ASSIGNMENT -> Which lines of the entries contain the string "della"? Copy each of them.

MATERIAL FOR THIS TASK ->
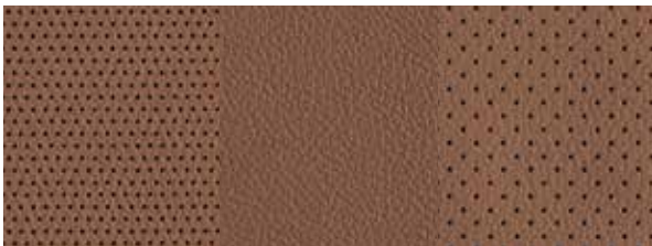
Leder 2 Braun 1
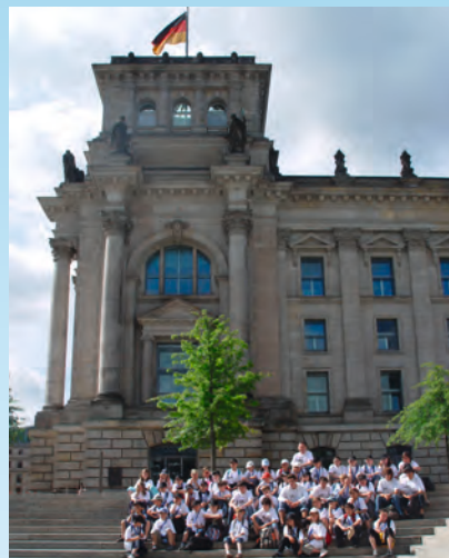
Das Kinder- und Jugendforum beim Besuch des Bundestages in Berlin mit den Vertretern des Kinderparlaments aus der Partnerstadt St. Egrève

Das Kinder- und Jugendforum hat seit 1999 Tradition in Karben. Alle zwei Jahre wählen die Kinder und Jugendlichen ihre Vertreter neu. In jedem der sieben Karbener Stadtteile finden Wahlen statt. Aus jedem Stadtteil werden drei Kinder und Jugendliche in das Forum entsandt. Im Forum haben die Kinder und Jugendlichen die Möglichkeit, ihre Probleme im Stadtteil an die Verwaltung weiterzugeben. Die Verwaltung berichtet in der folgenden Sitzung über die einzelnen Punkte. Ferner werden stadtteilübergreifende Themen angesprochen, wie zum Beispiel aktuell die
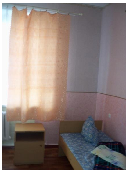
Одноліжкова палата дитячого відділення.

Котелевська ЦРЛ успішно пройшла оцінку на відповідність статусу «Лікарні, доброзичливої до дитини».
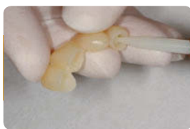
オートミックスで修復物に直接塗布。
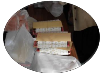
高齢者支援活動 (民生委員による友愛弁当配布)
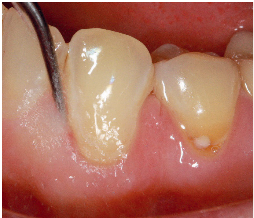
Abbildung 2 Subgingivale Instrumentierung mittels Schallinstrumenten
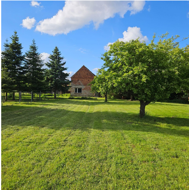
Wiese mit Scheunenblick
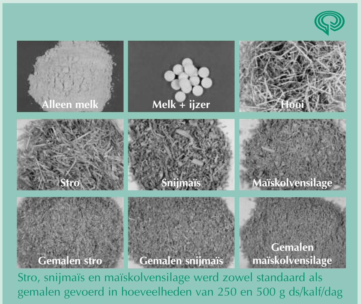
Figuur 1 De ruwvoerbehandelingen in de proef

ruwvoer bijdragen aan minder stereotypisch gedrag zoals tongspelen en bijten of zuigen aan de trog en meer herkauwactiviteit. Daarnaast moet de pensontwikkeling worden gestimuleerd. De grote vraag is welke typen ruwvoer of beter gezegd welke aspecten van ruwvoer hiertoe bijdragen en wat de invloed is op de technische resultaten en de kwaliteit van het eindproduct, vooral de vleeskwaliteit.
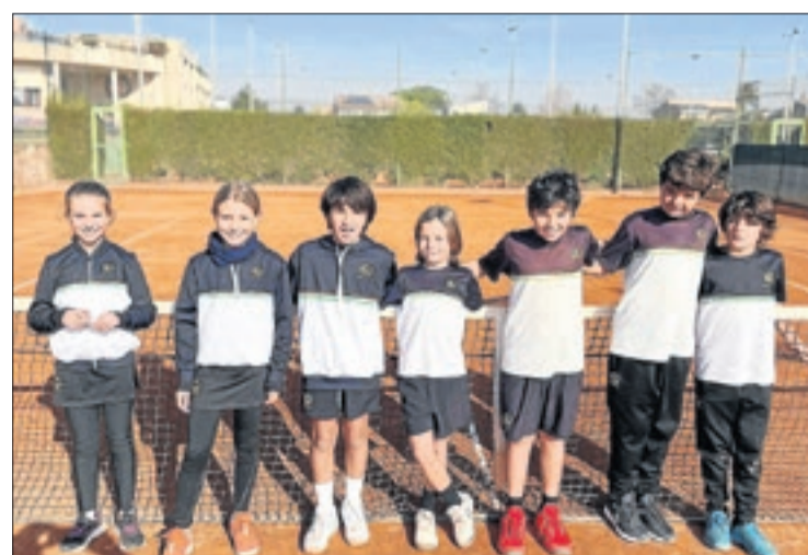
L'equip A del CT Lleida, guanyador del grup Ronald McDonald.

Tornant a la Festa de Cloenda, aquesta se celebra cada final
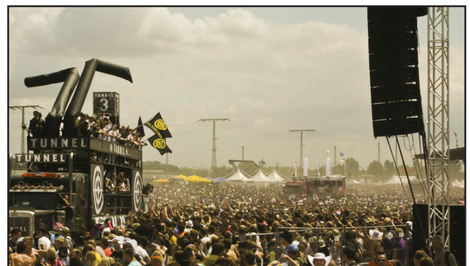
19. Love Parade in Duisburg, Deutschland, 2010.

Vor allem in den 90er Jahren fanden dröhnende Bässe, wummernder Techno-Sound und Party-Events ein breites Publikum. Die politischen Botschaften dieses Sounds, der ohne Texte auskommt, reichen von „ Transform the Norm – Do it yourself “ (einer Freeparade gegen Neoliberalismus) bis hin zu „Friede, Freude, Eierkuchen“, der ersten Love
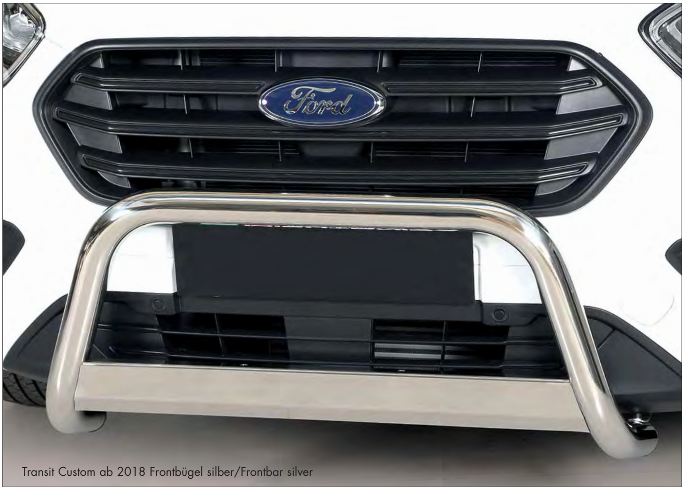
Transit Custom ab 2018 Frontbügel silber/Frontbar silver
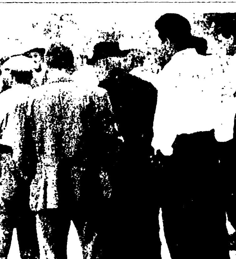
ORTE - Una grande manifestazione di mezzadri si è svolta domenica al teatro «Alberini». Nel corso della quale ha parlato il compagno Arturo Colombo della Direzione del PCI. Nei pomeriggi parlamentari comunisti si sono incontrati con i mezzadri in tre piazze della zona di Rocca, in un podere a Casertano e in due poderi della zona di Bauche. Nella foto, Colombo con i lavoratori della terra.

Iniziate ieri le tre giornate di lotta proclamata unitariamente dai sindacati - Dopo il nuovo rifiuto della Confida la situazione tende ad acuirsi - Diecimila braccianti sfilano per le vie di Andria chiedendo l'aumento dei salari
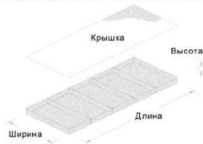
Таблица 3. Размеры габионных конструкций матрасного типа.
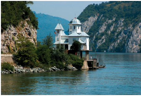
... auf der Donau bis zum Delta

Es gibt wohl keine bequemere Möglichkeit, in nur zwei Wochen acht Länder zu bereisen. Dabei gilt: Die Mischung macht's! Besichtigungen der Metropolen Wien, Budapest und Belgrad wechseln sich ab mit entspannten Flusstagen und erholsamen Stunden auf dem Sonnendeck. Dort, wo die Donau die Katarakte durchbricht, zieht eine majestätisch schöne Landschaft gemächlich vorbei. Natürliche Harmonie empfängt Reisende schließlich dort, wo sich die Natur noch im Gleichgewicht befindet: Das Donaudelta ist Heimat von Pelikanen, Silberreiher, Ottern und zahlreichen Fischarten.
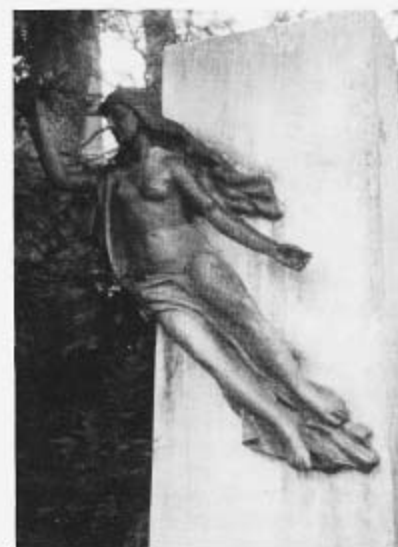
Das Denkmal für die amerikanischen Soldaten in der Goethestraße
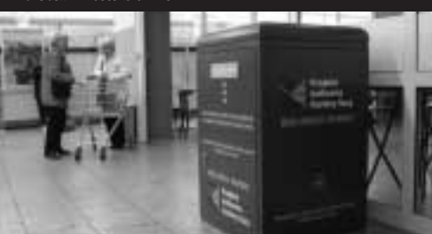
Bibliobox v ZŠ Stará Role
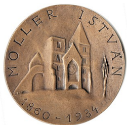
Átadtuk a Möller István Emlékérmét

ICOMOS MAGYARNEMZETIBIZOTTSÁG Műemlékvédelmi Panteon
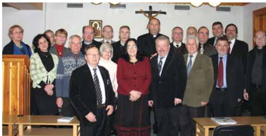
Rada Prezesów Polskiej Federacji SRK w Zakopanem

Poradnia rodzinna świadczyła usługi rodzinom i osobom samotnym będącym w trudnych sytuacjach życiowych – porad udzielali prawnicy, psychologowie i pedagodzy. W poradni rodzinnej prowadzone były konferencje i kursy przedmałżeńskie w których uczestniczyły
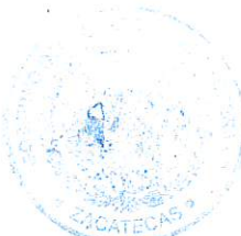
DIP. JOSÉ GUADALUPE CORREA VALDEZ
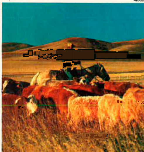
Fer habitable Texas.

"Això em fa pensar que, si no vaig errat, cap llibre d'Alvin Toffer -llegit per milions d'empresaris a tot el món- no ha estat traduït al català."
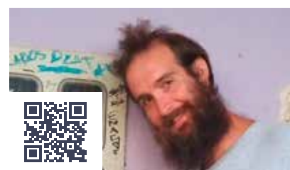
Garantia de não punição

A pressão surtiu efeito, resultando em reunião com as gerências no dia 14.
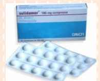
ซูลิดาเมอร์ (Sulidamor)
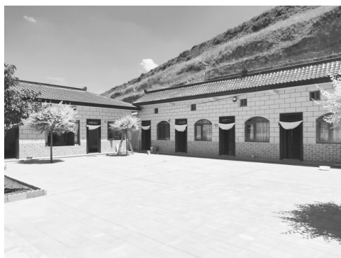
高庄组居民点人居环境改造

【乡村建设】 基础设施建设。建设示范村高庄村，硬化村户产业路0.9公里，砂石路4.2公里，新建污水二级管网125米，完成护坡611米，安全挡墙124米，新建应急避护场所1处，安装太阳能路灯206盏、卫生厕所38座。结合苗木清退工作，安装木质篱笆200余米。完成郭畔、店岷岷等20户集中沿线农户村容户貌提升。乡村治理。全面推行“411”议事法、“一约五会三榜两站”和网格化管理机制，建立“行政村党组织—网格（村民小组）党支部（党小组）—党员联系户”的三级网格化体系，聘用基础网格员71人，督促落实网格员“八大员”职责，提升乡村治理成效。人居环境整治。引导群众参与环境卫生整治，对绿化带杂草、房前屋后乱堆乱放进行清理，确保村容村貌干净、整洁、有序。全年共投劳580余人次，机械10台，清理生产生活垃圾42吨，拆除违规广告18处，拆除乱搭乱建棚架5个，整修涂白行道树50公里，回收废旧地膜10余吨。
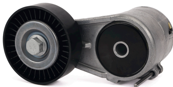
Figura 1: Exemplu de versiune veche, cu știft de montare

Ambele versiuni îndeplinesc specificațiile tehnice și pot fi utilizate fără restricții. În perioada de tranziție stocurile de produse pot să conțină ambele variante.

FINAL ANSWER ->
ORTE - Una grande manifestazione di mezzadri si è svolta domenica al teatro «Alberini». Nel corso della quale ha parlato il compagno Arturo Colombo della Direzione del PCI. Nei pomeriggi parlamentari comunisti si sono incontrati con i mezzadri in tre piazze della zona di Rocca, in un podere a Casertano e in due poderi della zona di Bauche. Nella foto, Colombo con i lavoratori della terra.
Iniziate ieri le tre giornate di lotta proclamata unitariamente dai sindacati - Dopo il nuovo rifiuto della Confida la situazione tende ad acuirsi - Diecimila braccianti sfilano per le vie di Andria chiedendo l'aumento dei salari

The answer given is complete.